Tag Archives: zucchini

Midsummer Corn Chowder

Midsummer Corn Chowder

I grew up in a climate where the constant threat of frost or snow from May – August prevented abundant crops. In fact, the only thing that we could successfully grow was rhubarb. Thus, when I first read through Veganomicon (like a novel, as one should do with a new cookbook), I was instantly filled with awe and wonder at the recipe entitled Midsummer Corn Chowder. The description starts with the line “This soup just screams “I just came back from the Farmer’s Market! Look at my bulging canvas sack!””, and the concept of being able to buy corn, tomatoes, basil, and fennel at the farmer’s market in the middle of summer was so completely foreign to me I thought they were making it up. So imagine my joy and excitement when I came back from my weekly CSA share last week (admittedly mid-September) with a bulging backpack of corn, heirloom tomatoes, basil, onions, and other goodies! I had arrived at that mythical land, and so I knew I had to make this chowder.

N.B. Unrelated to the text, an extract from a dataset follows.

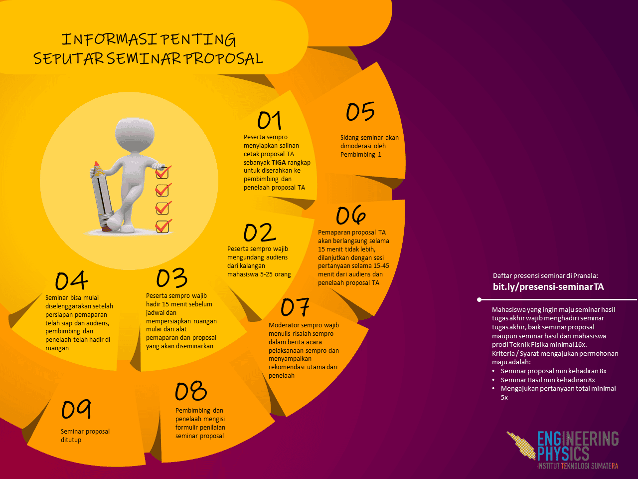 Mahasiswa yang ingin maju seminar hasil tugas akhir wajib menghadiri seminar tugas akhir, baik seminar proposal maupun seminar hasil dari mahasiswa prodi Teknik Fisika minimal 16x. Kriteria / Syarat mengajukan permohonan maju adalah: Seminar proposal min kehadiran 8x Seminar Hasil min kehadiran 8x Mengajukan pertanyaan total minimal 5x

I will admit I have never had “real” corn chowder before, due to my corn issues, but since I have somewhat overcome them with the Chickpea Pastel de Choclo, I thought I was ready to tackle the chowder. Although calling mid-September “midsummer” is a bit of a stretch, I kept to the spirit of the recipe and adapted it to accommodate my bulging backpack of CSA vegetables. To the soup I added zucchini (last of the season), collard greens, and extra carrots (to make up for lack of celery. To this day growing celery is a bit of a mystery to me). I am not a jet setter, but I am lazy, so I didn’t make the corn stock as suggested. Instead, I simmered the soup with the corn cobs and the top of the fennel fronds, which added a nice depth to the stock. I did have to buy potatoes and fennel to complete the dish, but that’s not too bad! I also modified the cooking instructions slightly: Instead of sautéing in oil, I sautéed the vegetables using water. I have discovered that if you add the onions to the pan with a splash of water and cover, it lets them sweat and caramelize way better than if you use oil. To prevent sticking, add splashes of water periodically. I did this technique for all the vegetables, resulting in caramelized garlic, onions, and fennel which added smoky depth and deliciousness. The soup is simply seasoned with the fresh basil and dried thyme – no additional seasonings required! Let the fresh produce shine through. I did add a healthy splash of Habanero Hot Sauce, because the habaneros also came from the garden and I didn’t want them to be neglected.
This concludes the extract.